→ WHAT IS EXPECTED: Begin at the line containing "Jk setelan seragam" in the data below and go on through the line containing "9月23日,安徽省蕪湖市公安", repeating each line exactly; include both ends and no other line.

→ THE DATA:
"""

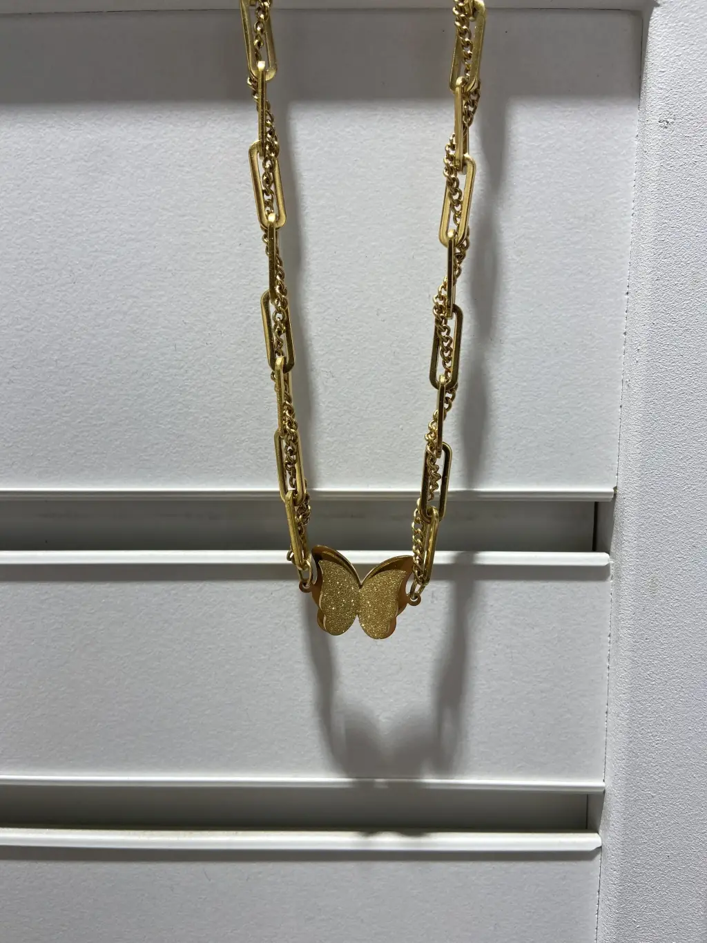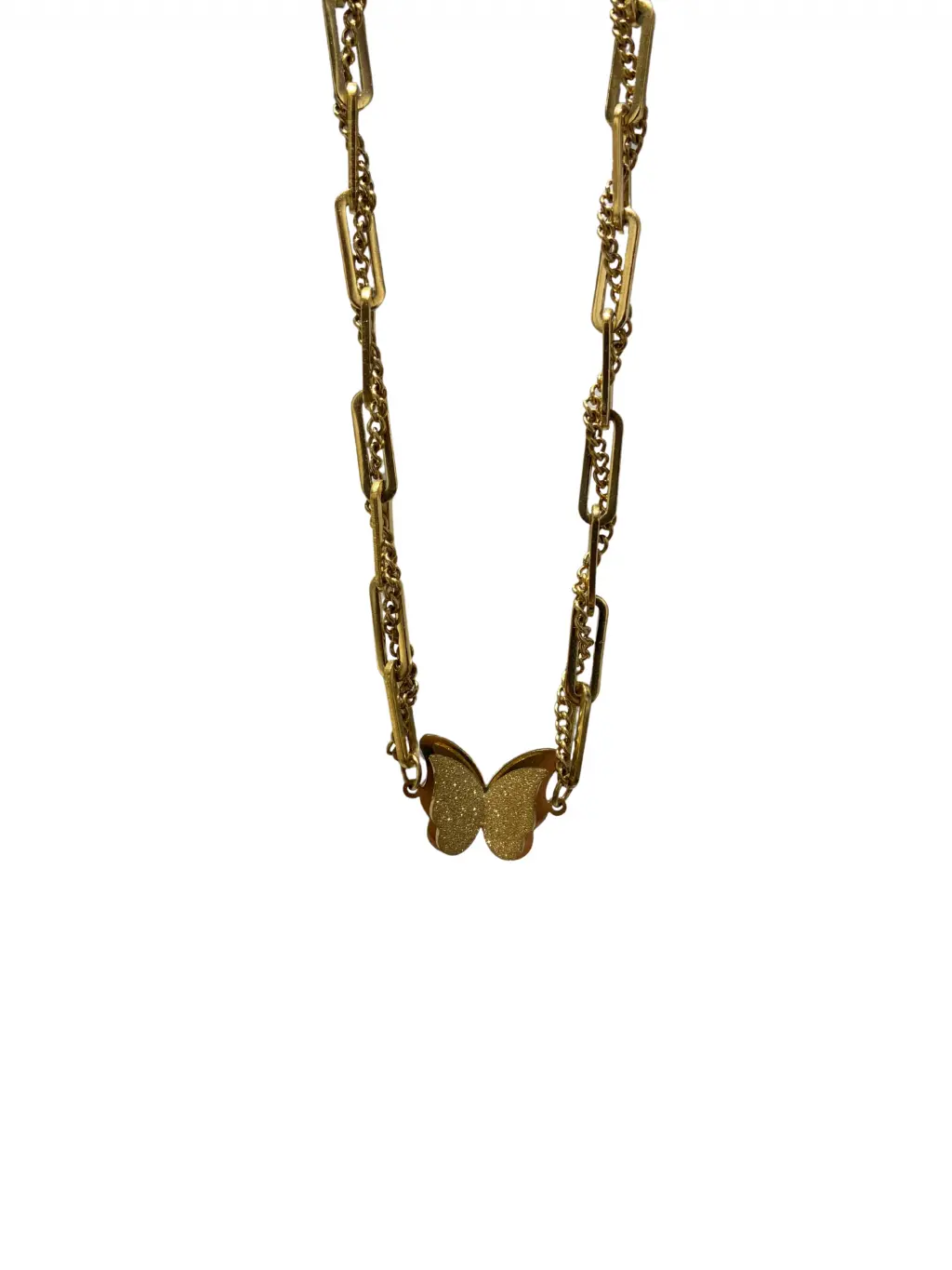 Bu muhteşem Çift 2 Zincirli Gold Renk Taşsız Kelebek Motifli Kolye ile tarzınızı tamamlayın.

"""
"""

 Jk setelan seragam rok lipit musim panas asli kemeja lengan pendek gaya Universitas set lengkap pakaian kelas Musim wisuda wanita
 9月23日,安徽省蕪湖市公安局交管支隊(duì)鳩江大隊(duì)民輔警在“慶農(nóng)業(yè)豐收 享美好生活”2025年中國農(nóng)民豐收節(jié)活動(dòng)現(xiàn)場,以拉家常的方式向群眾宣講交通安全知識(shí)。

"""

→ EXERCISE RESPONSE:
 Jk setelan seragam rok lipit musim panas asli kemeja lengan pendek gaya Universitas set lengkap pakaian kelas Musim wisuda wanita
 9月23日,安徽省蕪湖市公安局交管支隊(duì)鳩江大隊(duì)民輔警在“慶農(nóng)業(yè)豐收 享美好生活”2025年中國農(nóng)民豐收節(jié)活動(dòng)現(xiàn)場,以拉家常的方式向群眾宣講交通安全知識(shí)。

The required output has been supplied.